WORKING DATA =
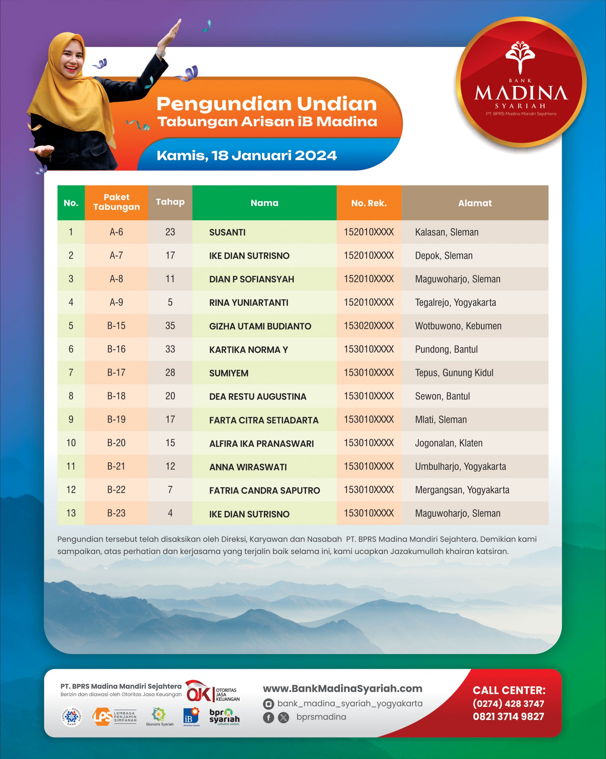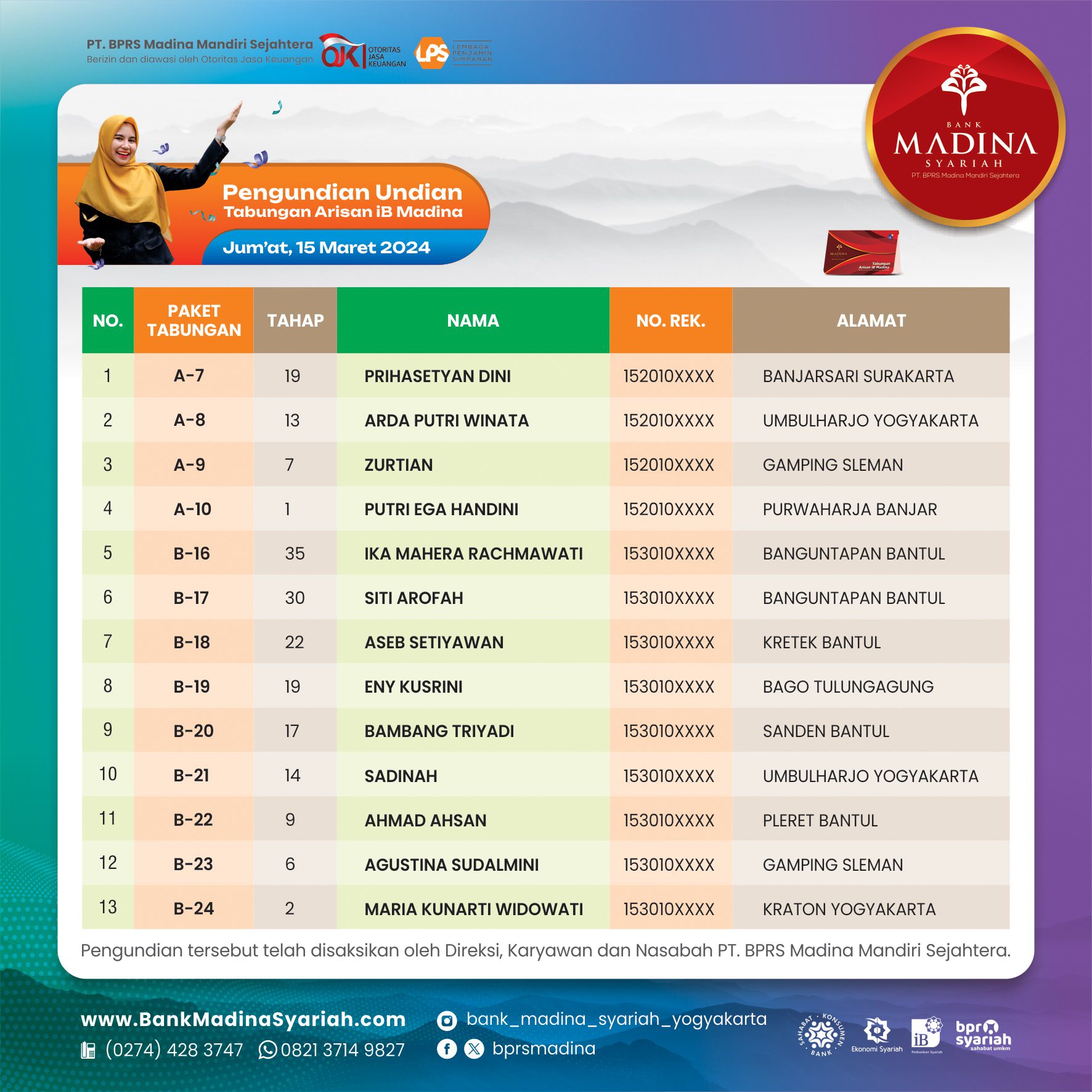 Besar harapan kami Bank Madina Syariah bisa terus sukses dan berkembang menjadi BPRS terdepan dalam membangun ekonomi umat serta selalu bisa hadir menjadi Sahabat dalam Bermu’amalah.
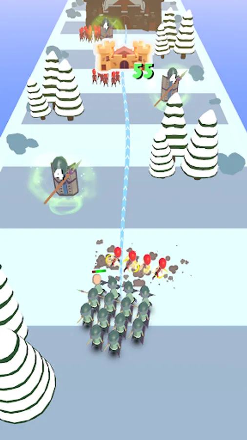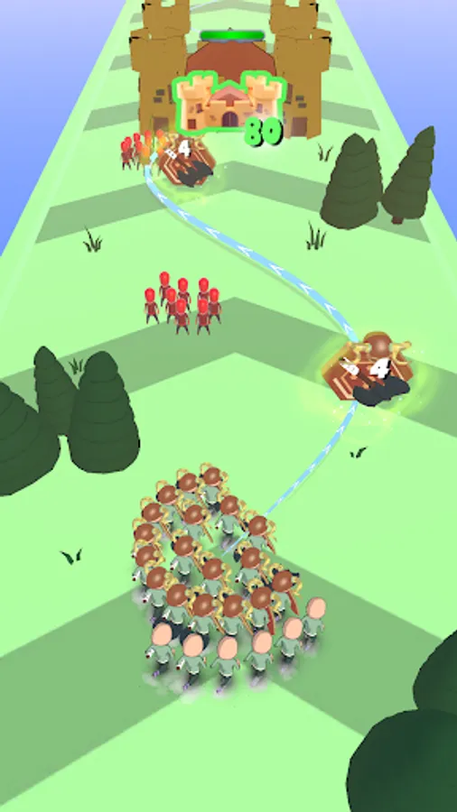 Avoid obstacles while leading your army on wavey way.
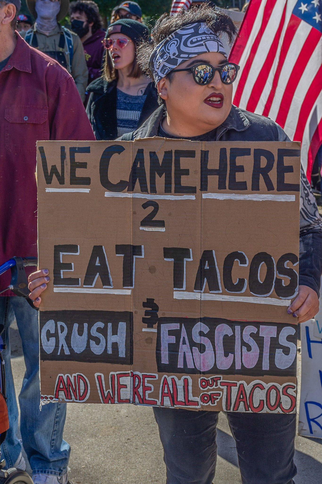“The example I use is these three women in the Civic Center holding pictures of kids in cages. And the first thing people do when you point a camera at them is they smile. And I had to say, ‘Please don’t smile. I can’t use that. I’m not going to use that if you smile. Look at your signs.”
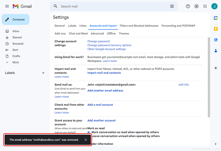 ระบบจะแจ้งว่าได้ลบบัญชีอีเมลดังกล่าวแล้ว
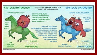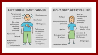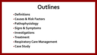 The document presents a detailed overview of heart failure, including its definitions, causes, risk factors, pathophysiology, signs and symptoms, investigations, and treatment options. It includes a case study of a 67-year-old man with ischemic cardiomyopathy, who experienced symptoms of acute decompensated heart failure and underwent various treatments, ultimately leading to a decrease in weight and improvement in symptoms. The document emphasizes the importance of respiratory care management in patients with cardiogenic pulmonary edema, highlighting specific therapeutic interventions.
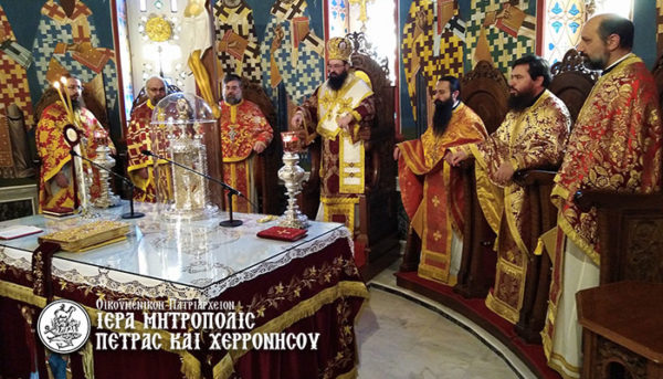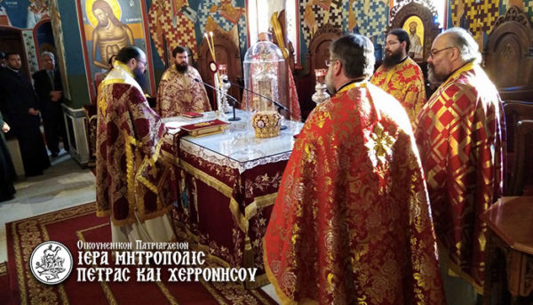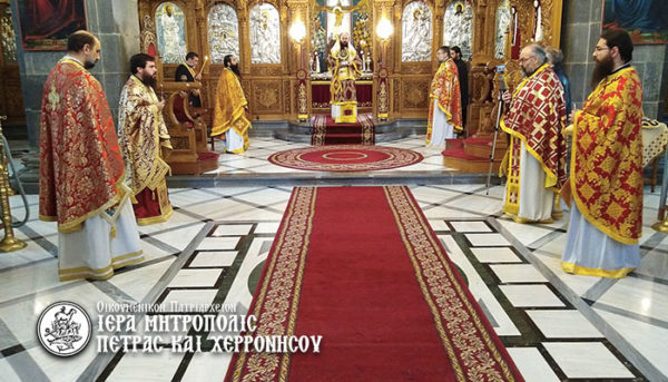 Το πρωί του Σαββάτου 10 Απριλίου, μνήμη του Ιερομάρτυρος Γρηγορίου Ε΄, Πατριάρχου Κωνσταντινουπόλεως, τελέσθηκε στον Ιερό Μητροπολιτικό Ναό Μεγάλης Παναγίας Νεαπόλεως Θεία Λειτουργία, ιερουργούντος του Σεβασμ. Μητροπολίτου κ. Γερασίμου.

YOUR INSTRUCTIONS = Here the job is to print the data above exactly, except for any pictures.

SOLUTION TO THIS PROBLEM =
 Besar harapan kami Bank Madina Syariah bisa terus sukses dan berkembang menjadi BPRS terdepan dalam membangun ekonomi umat serta selalu bisa hadir menjadi Sahabat dalam Bermu’amalah.
 Avoid obstacles while leading your army on wavey way.
“The example I use is these three women in the Civic Center holding pictures of kids in cages. And the first thing people do when you point a camera at them is they smile. And I had to say, ‘Please don’t smile. I can’t use that. I’m not going to use that if you smile. Look at your signs.”
 ระบบจะแจ้งว่าได้ลบบัญชีอีเมลดังกล่าวแล้ว
 The document presents a detailed overview of heart failure, including its definitions, causes, risk factors, pathophysiology, signs and symptoms, investigations, and treatment options. It includes a case study of a 67-year-old man with ischemic cardiomyopathy, who experienced symptoms of acute decompensated heart failure and underwent various treatments, ultimately leading to a decrease in weight and improvement in symptoms. The document emphasizes the importance of respiratory care management in patients with cardiogenic pulmonary edema, highlighting specific therapeutic interventions.
 Το πρωί του Σαββάτου 10 Απριλίου, μνήμη του Ιερομάρτυρος Γρηγορίου Ε΄, Πατριάρχου Κωνσταντινουπόλεως, τελέσθηκε στον Ιερό Μητροπολιτικό Ναό Μεγάλης Παναγίας Νεαπόλεως Θεία Λειτουργία, ιερουργούντος του Σεβασμ. Μητροπολίτου κ. Γερασίμου.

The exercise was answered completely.